■ Action item: Of the lines in the material below, print only those from the one containing "Detailed X-ray image" to the one containing "72919189 alte Postkarte", ends included, exactly as written and without pictures.

■ Provided records:
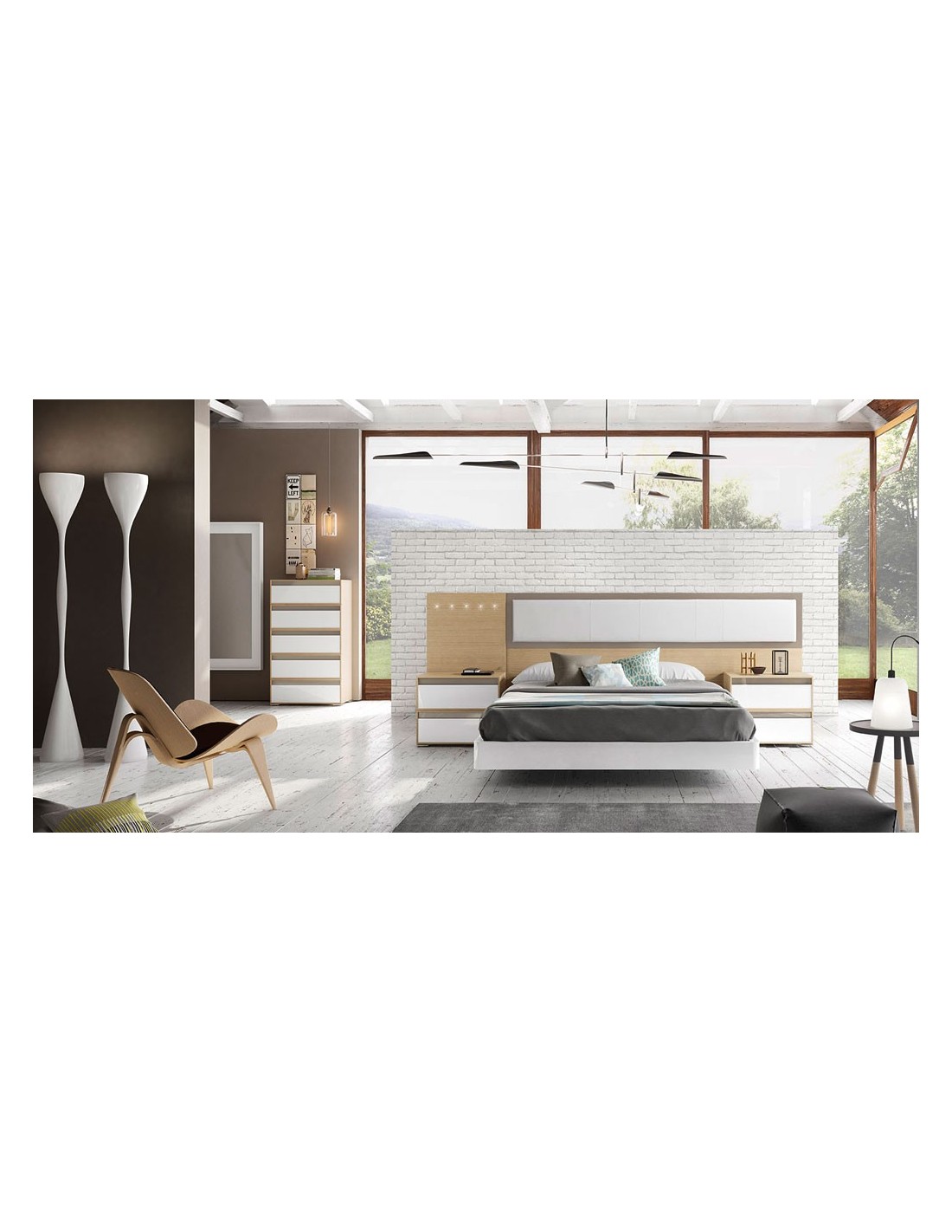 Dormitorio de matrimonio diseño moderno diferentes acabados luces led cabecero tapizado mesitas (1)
--
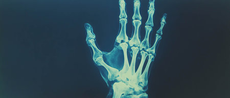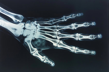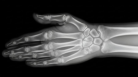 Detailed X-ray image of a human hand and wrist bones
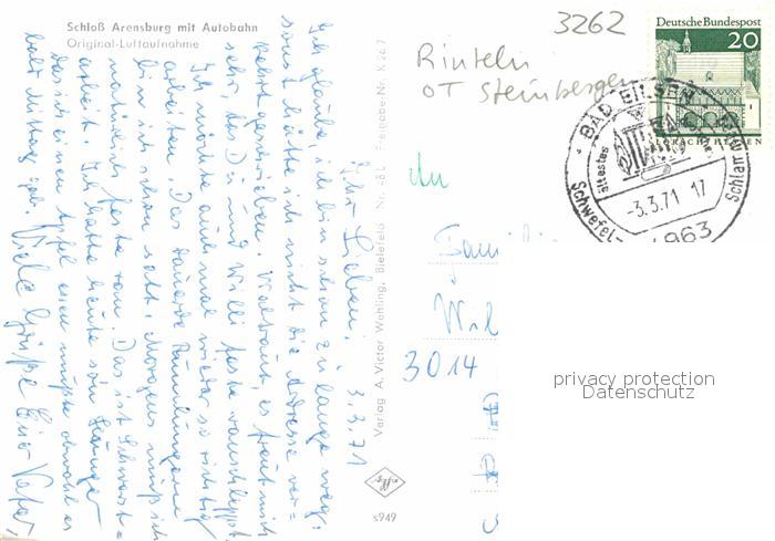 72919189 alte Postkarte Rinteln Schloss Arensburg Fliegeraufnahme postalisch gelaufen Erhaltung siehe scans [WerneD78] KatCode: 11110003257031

■ Written reply:
 Detailed X-ray image of a human hand and wrist bones
 72919189 alte Postkarte Rinteln Schloss Arensburg Fliegeraufnahme postalisch gelaufen Erhaltung siehe scans [WerneD78] KatCode: 11110003257031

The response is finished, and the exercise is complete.